Ruler of Dai
- Reign: 310–316
- Successor: Tuoba Pugen
- Died: 316

Full name
- Family name: Tuòbá (拓跋); Given name: Yīlú (猗盧);

Regnal name
- 310–315: Duke of Dai (代公) 315–316: Prince of Dai (代王)

Posthumous name
- Emperor Mu (穆皇帝, honored by Northern Wei)
- Dynasty: Dai

= Tuoba Yilu =

Tuoba Yilu (拓跋猗盧 (Tuòbá Yīlú); died 316) was the chieftain of the western Tuoba territory from 295 to 307, supreme chieftain of the Tuoba from 307 to 316, Duke of Dai from 310 to 315, and first ruler of the Dai kingdom from 315 to 316. He was the son of Tuoba Shamohan (拓跋沙漠汗) and his brothers included Tuoba Yituo and Tuoba Fu.

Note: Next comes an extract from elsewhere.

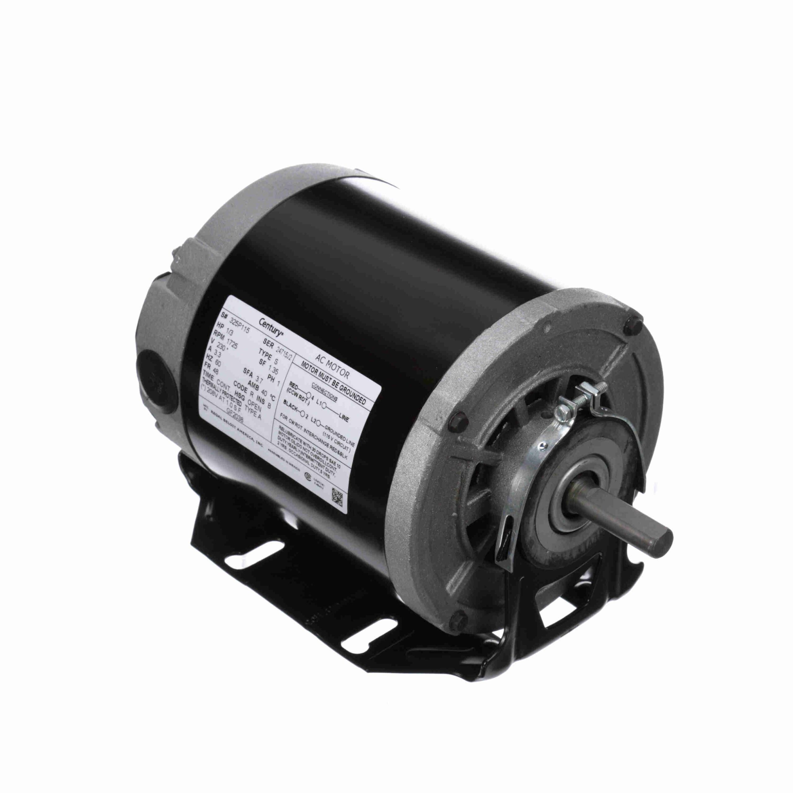 They feature 1 phase, 1/3 HP, 230 Voltage Rating, 1800 RPM Speed, Resilient Base mounting, 3.3 Amps, B Insulation Class, Continuous Duty, OAO Enclosure Type. As trusted Century Motors motor suppliers and dealers, we make it easy to find the right model for industrial, commercial, or HVAC use.

In 295, Tuoba Luguan, the chieftain of the Tuoba (a branch of the Xianbei), divided the territory under Tuoba control into three areas: a vast tract of land extending west from White Mountain (northeast of Zhangjiakou), to Dai (Datong, Shanxi); an area from Shengle (south of Hohhot) and beyond; and a central area, which included north Shanxi and the region to its north. Tuoba Yilu would be named chieftain of the western area. As chieftain of the western Tuoba territory, Tuoba Yilu defeated the Xiongnu and Wuhuan to the west, gaining in this way the support of various ethnically Han and Wuhuan people, in addition to his own Xianbei people. In 304, Tuoba Yilu, along with Tuoba Yituo, joined forces with the Jin armies and defeated Liu Yuan. In 305, Tuoba Yituo died, and in 307, Tuoba Luguan died, following which Tuoba Yilu became the supreme chieftain of the Tuoba.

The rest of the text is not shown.